More Intensive Training Needed for Stroke Rehabilitation Programs, with Recommendations from the European Stroke Guidelines

The European Stroke Organisation (ESO) has recently released a guideline on motor rehabilitation, addressing critical clinical questions to support clinicians and healthcare providers for post-stroke motor rehabilitation [1].

Motor rehabilitation targets different aspects of functioning with the overall goal of maximizing people’s independence, participation, and well-being. It follows principles of motor learning where patients re-learn motor, sensory, and cognitive functions through appropriately dosed, repetitive, progressive, task-, goal-, and context-oriented training.

This 2025 guideline provides updates on evidence-based guidelines in six agreed-upon critical areas. However, healthcare providers must critically evaluate both the strength of evidence and practical implementation requirement.

Figure 1: Key recommendations and suggestions of the Guideline

Upper Limb Therapy: Evidence and Implementation Analysis

The guidelines suggest adding approximately 20 hours extra of repetitive upper limb training to existing rehabilitation programs, with 3-5 days of therapy sessions per week. Additionally, they recommend implementing a transfer package, designed to help patients apply their therapy gains to real-life daily activities.

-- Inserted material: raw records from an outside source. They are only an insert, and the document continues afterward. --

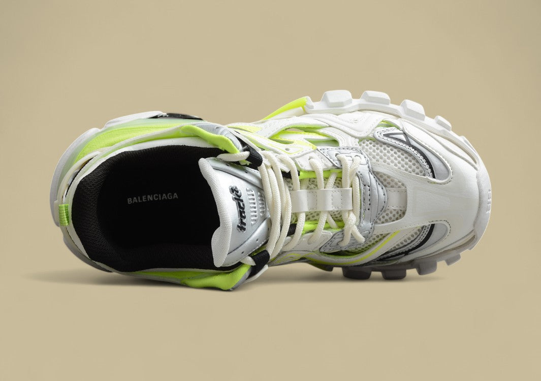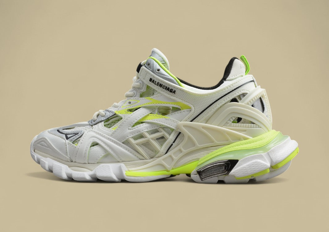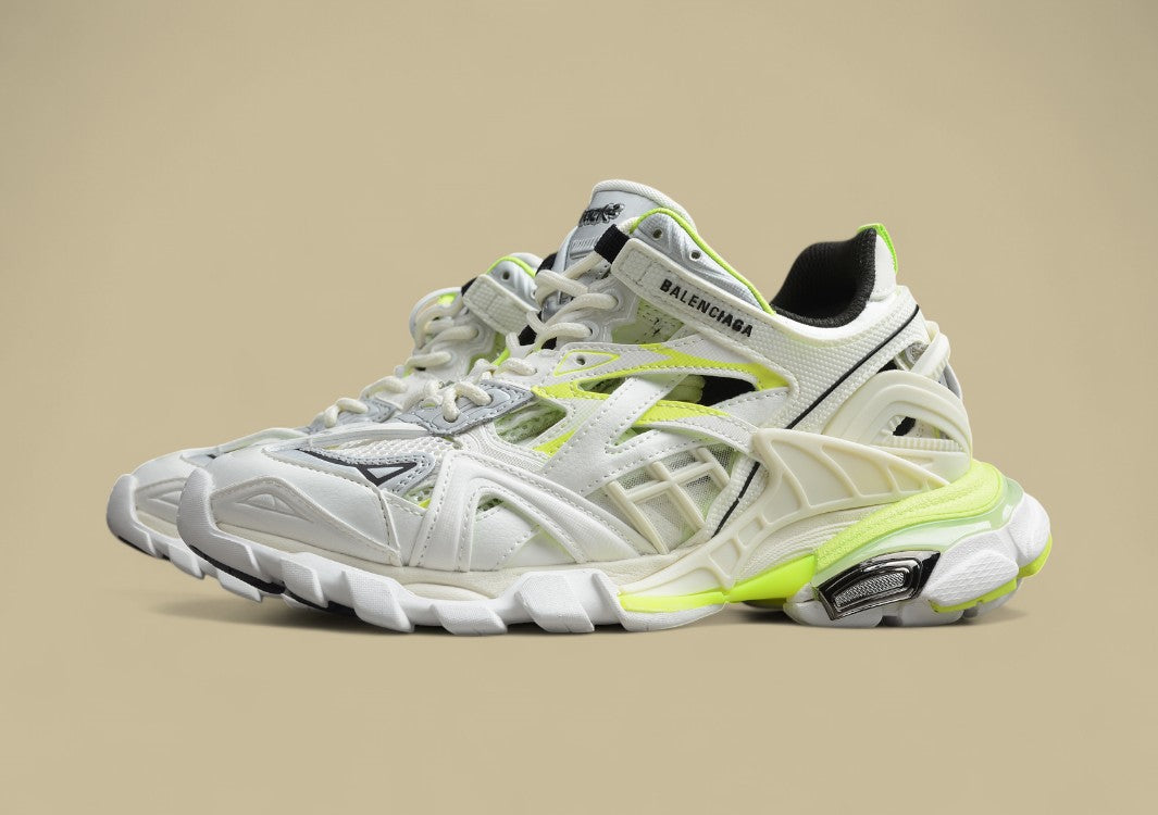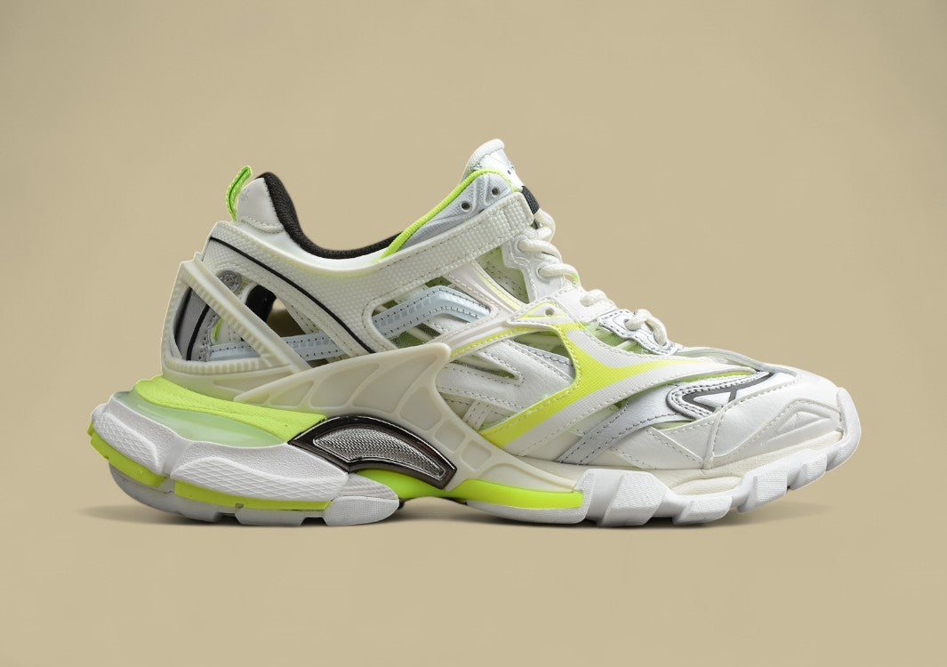 Der Balenciaga White & Neon Yellow Runner Sneaker kombiniert frische Farben mit hohem Komfort und urbanem Style.
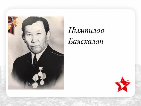 Цымпилов Баясхалан родился в 10 марта 1925 году в с. Южный-Аргалей Хойто-Агинского Сомона Агинского аймака в семье скотовода Цыденова Цымпила. В 1939 году закончил Аргалейскую начальную школу. В 1942 году окончил 7 классов в Агинской средней школе, дальнейшая учеба прекращена в связи с ВОВ. С июня 1942 года по декабрь 1942 года работал в колхозе им. Калинина учетчиком. С 20 декабря призван в Советскую Армию. В рядах советской армии с января 1943 года.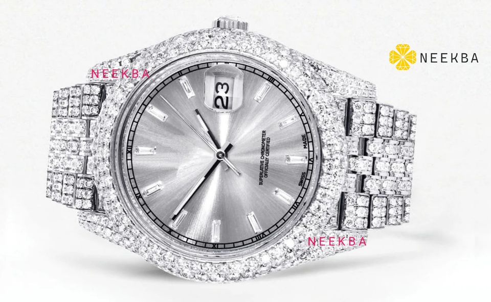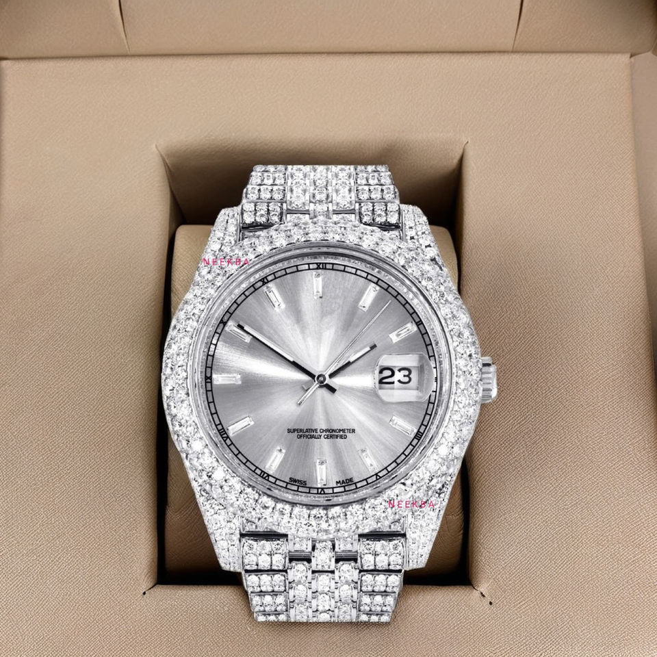 Montre diamant automatique la plus vendue du vendeur indien avec cadran Sunburst, montre en moissanite à buste bas avec ceinture immobile de haute qualité

Upon closer examination of the studies used, two randomized-controlled studies were reviewed, with only one directly comparing 60-90 hours of training with 30 hours of training [2]. The other study compared the time-limited window between the acute and subacute stages of stroke. Results show a significant difference in upper limb motor recovery when 20 extra hours of therapy were provided in the subacute stage (2-3 months post-stroke) compared to the acute stage (within 30 days post-stroke). [3]

In a previous 2023 ESO review, 5 high-quality evidence-based clinical practice guidelines published between 2016-2022, strongly recommend the following upper limb therapies [4]:

- AU/NZ: At least 2 hours of active therapy daily for 2 weeks, with restraint for at least 6 hours daily. Active intensive therapy is key.

- US: Robotic therapy is reasonable to consider to deliver more intensive practice for individuals with moderate to severe upper limb paresis.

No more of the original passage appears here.